**Assignment:** Without including any pictures, reproduce all the lines below word for word.

**Extracted records:**
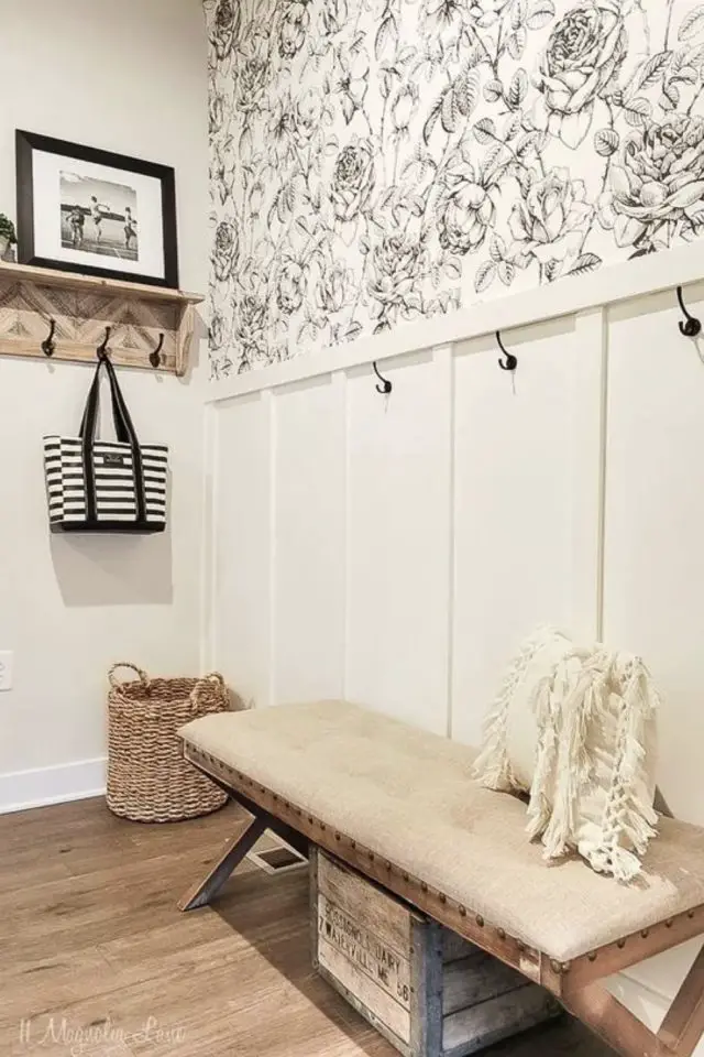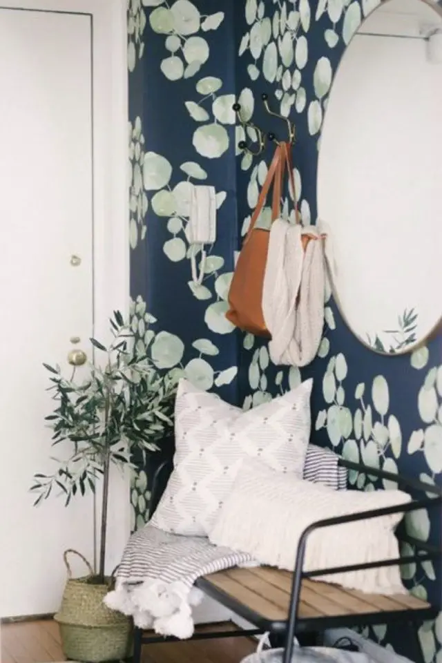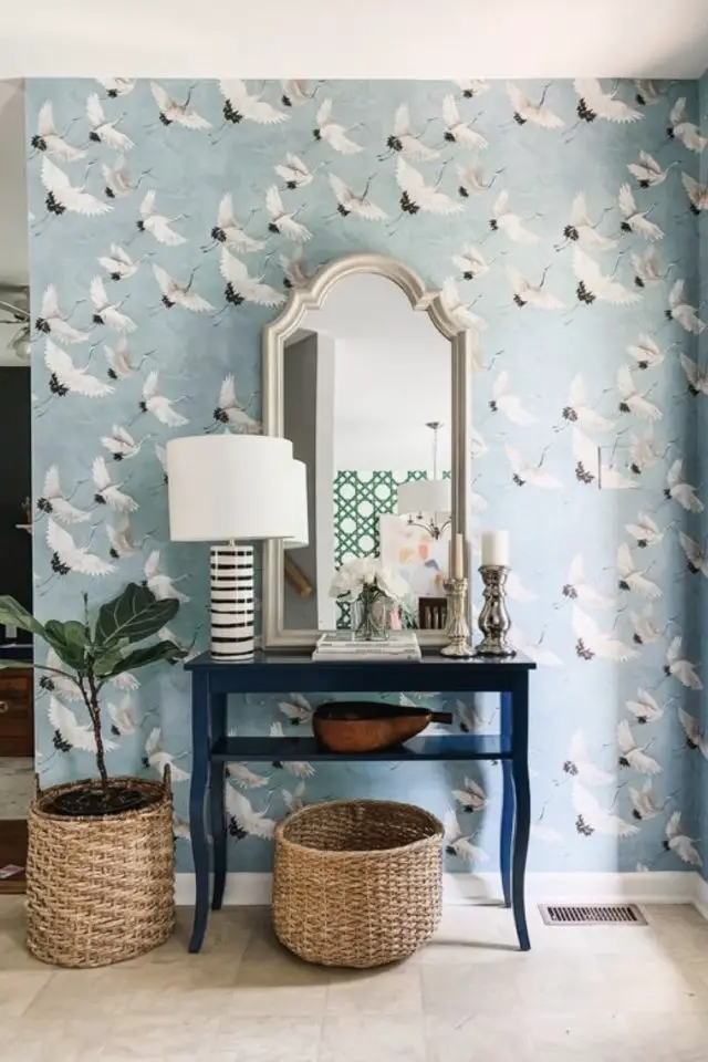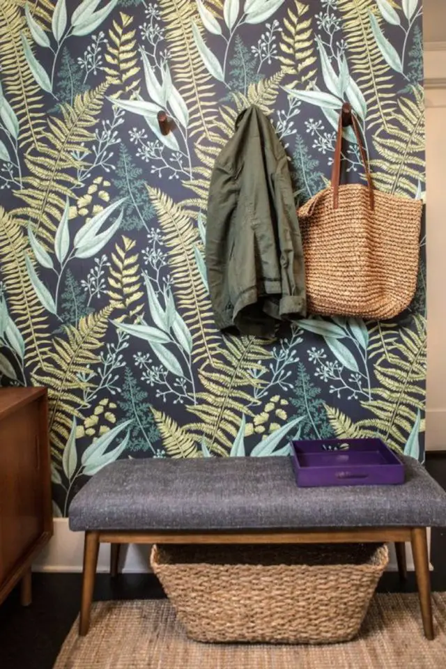 Autre possibilité pour décorer l'entrée à l'aide de papier peint: créer un mur accent. Cela peut être le mur du fond pour créer un sentiment de profondeur. Le mur accent peut aussi être celui où sera posé votre meuble à chaussure, votre console ou encore votre déco. Un mur accent va attirer le regard donc pour choisir quel mur couvrir de papier, demandez-vous ce que vous souhaitez mettre en valeur.
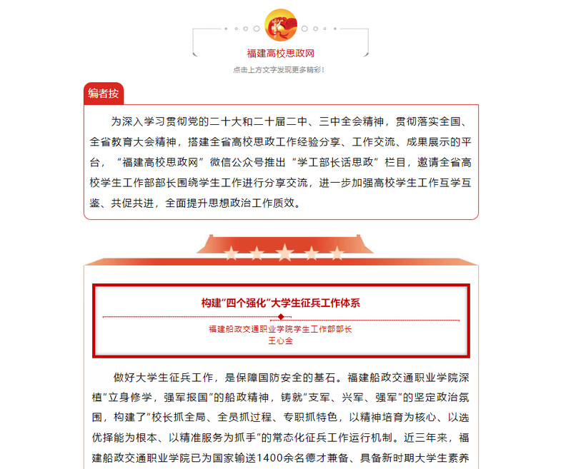 為深入學習貫徹黨的二十大和二十屆二中、三中全會精神,貫徹落實全國、全省教育大會精神,搭建全省高校思政工作經(jīng)驗分享、工作交流、成果展示的平臺,“福建高校思政網(wǎng)”微信公眾號推出“學工部長話思政”欄目,邀請全省高校學生工作部部長圍繞學生工作進行分享交流,進一步加強高校學生工作互學互鑒、共促共進,全面提升思想政治工作質(zhì)效。
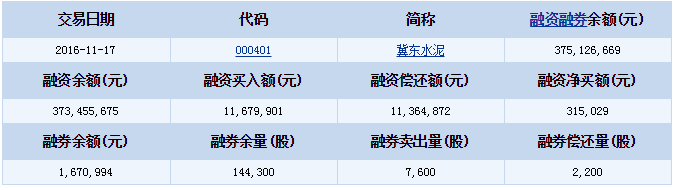 冀東水泥(000401)2016-11-17融資融券信息顯示,冀東水泥融資余額373,455,675元,融券余額1,670,994元,融資買(mǎi)入額11,679,901元,融資償還額11,364,872元,融資凈買(mǎi)額315,029元,融券余量144,300股,融券賣(mài)出量7,600股,融券償還量2,200股,融資融券余額375,126,669元。冀東水泥融資融券詳細(xì)信息如下表:
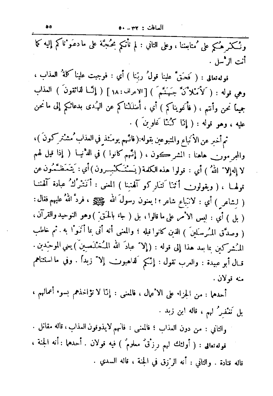 ثم أخبر عن الأتباع والمتبوعين بقوله فانهم يومئذ في العذاب مشتركون والمجرمون هاهنا المشركون إنهم كانوا في الدنيا إذا قيل لهم لا إله إلا الله أي قولوا هذه الكلمة يستكبرون أي يتعظمون عن قولها ويقولون أئنا لتاركو آلهتنا المعنى أنترك عبادة آلهتنا لشاعر أي لاتباع شاعر يعنون رسول الله صلى الله عليه و سلم فرد الله عليهم فقال بل أي ليس الأمر على ما قالوا بل جاء بالحق وهو التوحيد والقرآن وصدق المرسلين الذين كانوا قبله والمعنى أنه أتى بما أتوا به ثم خاطب المشركين بما يعد هذا إلى قوله إلا عباد الله المخلصين يعني الموحدين قال أبو عبيدة والعرب تقول إنكم لذاهبون إلا زيدا وفي ما استثناهم منه قولان
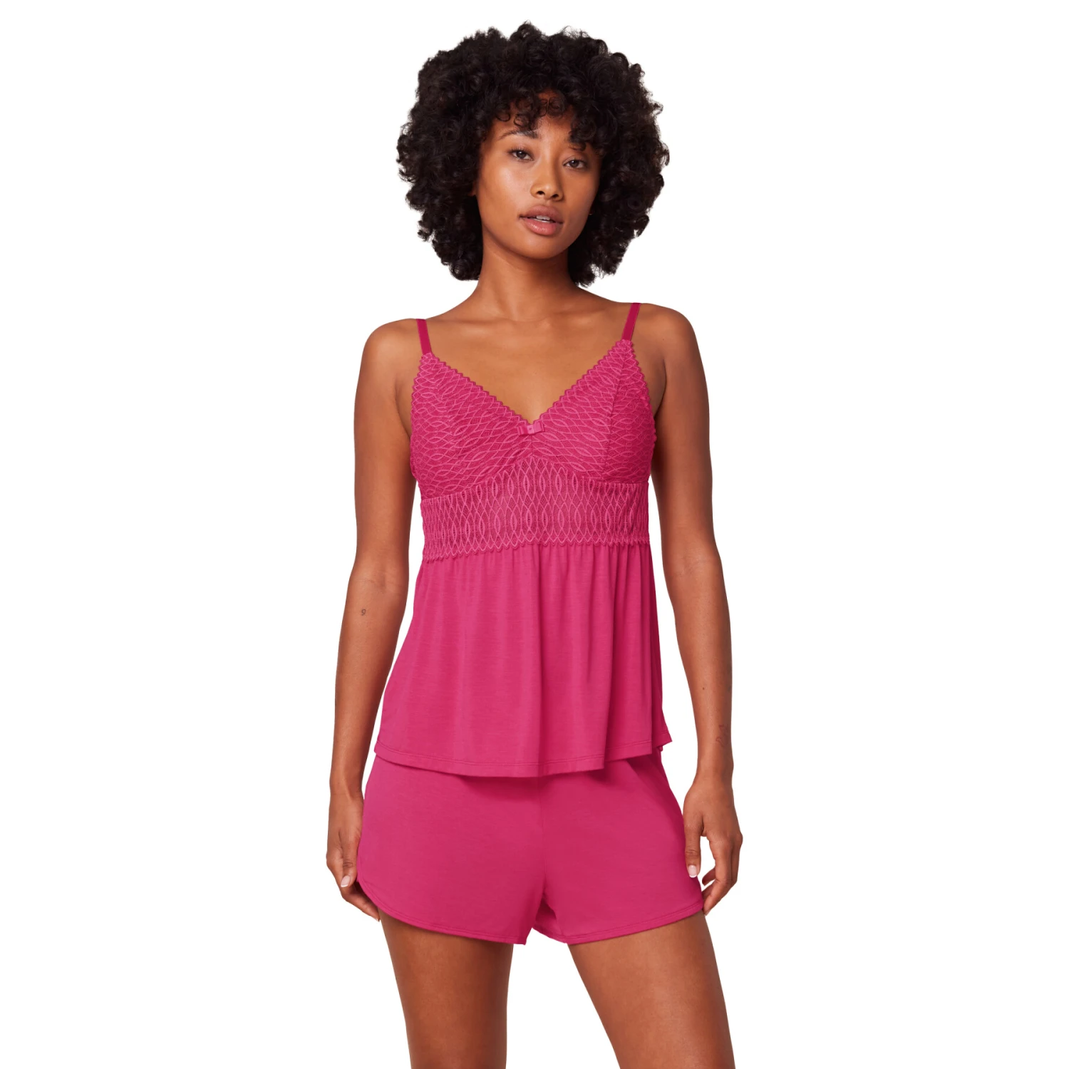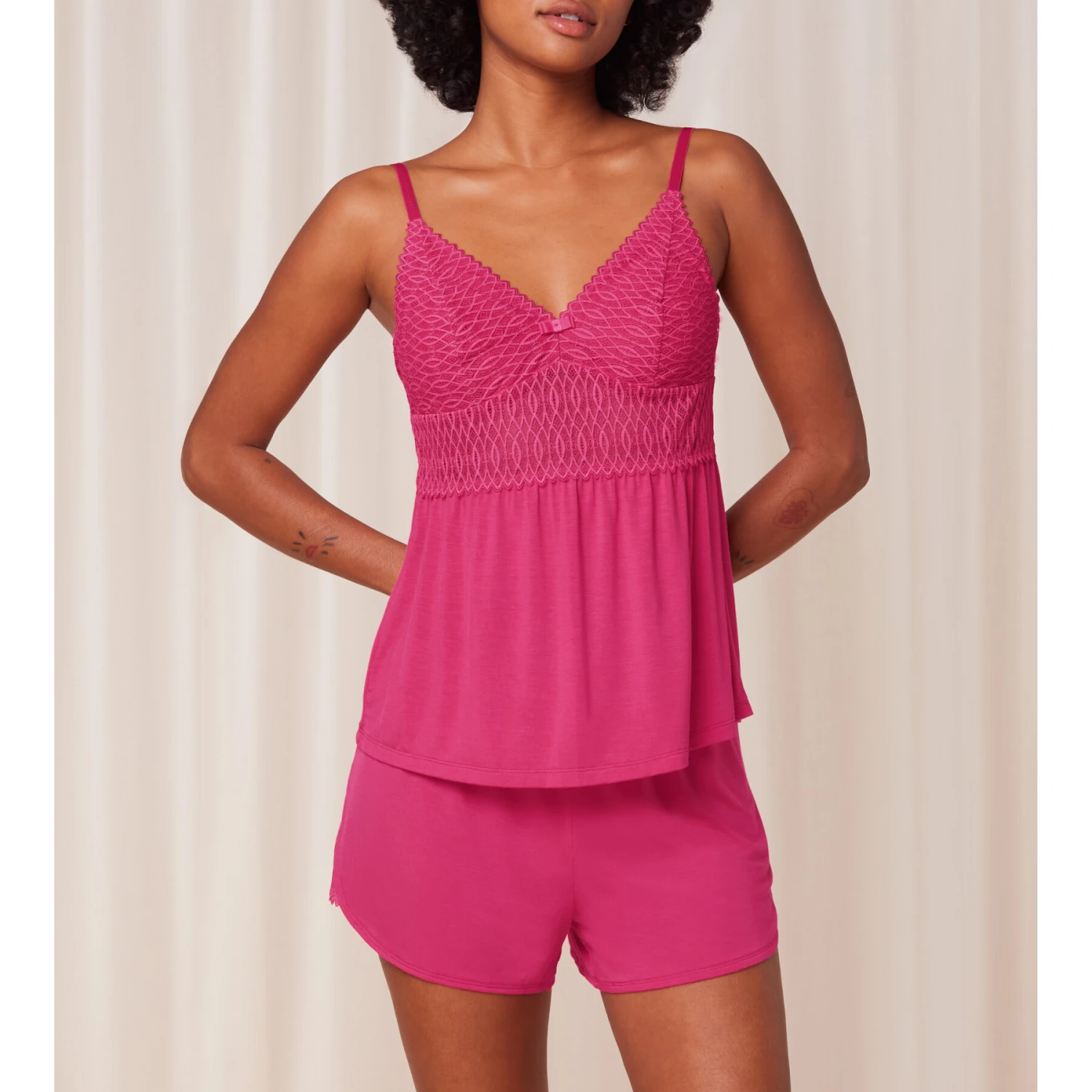 Mooie nachtkleding voor een comfortabele nachtrust. De short is gecombineerd met een flatterende top en heeft kanten uitsnijdingen voor een beter ademend…

**Reply to the task:**
 Autre possibilité pour décorer l'entrée à l'aide de papier peint: créer un mur accent. Cela peut être le mur du fond pour créer un sentiment de profondeur. Le mur accent peut aussi être celui où sera posé votre meuble à chaussure, votre console ou encore votre déco. Un mur accent va attirer le regard donc pour choisir quel mur couvrir de papier, demandez-vous ce que vous souhaitez mettre en valeur.
 為深入學習貫徹黨的二十大和二十屆二中、三中全會精神,貫徹落實全國、全省教育大會精神,搭建全省高校思政工作經(jīng)驗分享、工作交流、成果展示的平臺,“福建高校思政網(wǎng)”微信公眾號推出“學工部長話思政”欄目,邀請全省高校學生工作部部長圍繞學生工作進行分享交流,進一步加強高校學生工作互學互鑒、共促共進,全面提升思想政治工作質(zhì)效。
 冀東水泥(000401)2016-11-17融資融券信息顯示,冀東水泥融資余額373,455,675元,融券余額1,670,994元,融資買(mǎi)入額11,679,901元,融資償還額11,364,872元,融資凈買(mǎi)額315,029元,融券余量144,300股,融券賣(mài)出量7,600股,融券償還量2,200股,融資融券余額375,126,669元。冀東水泥融資融券詳細(xì)信息如下表:
 ثم أخبر عن الأتباع والمتبوعين بقوله فانهم يومئذ في العذاب مشتركون والمجرمون هاهنا المشركون إنهم كانوا في الدنيا إذا قيل لهم لا إله إلا الله أي قولوا هذه الكلمة يستكبرون أي يتعظمون عن قولها ويقولون أئنا لتاركو آلهتنا المعنى أنترك عبادة آلهتنا لشاعر أي لاتباع شاعر يعنون رسول الله صلى الله عليه و سلم فرد الله عليهم فقال بل أي ليس الأمر على ما قالوا بل جاء بالحق وهو التوحيد والقرآن وصدق المرسلين الذين كانوا قبله والمعنى أنه أتى بما أتوا به ثم خاطب المشركين بما يعد هذا إلى قوله إلا عباد الله المخلصين يعني الموحدين قال أبو عبيدة والعرب تقول إنكم لذاهبون إلا زيدا وفي ما استثناهم منه قولان
 Mooie nachtkleding voor een comfortabele nachtrust. De short is gecombineerd met een flatterende top en heeft kanten uitsnijdingen voor een beter ademend…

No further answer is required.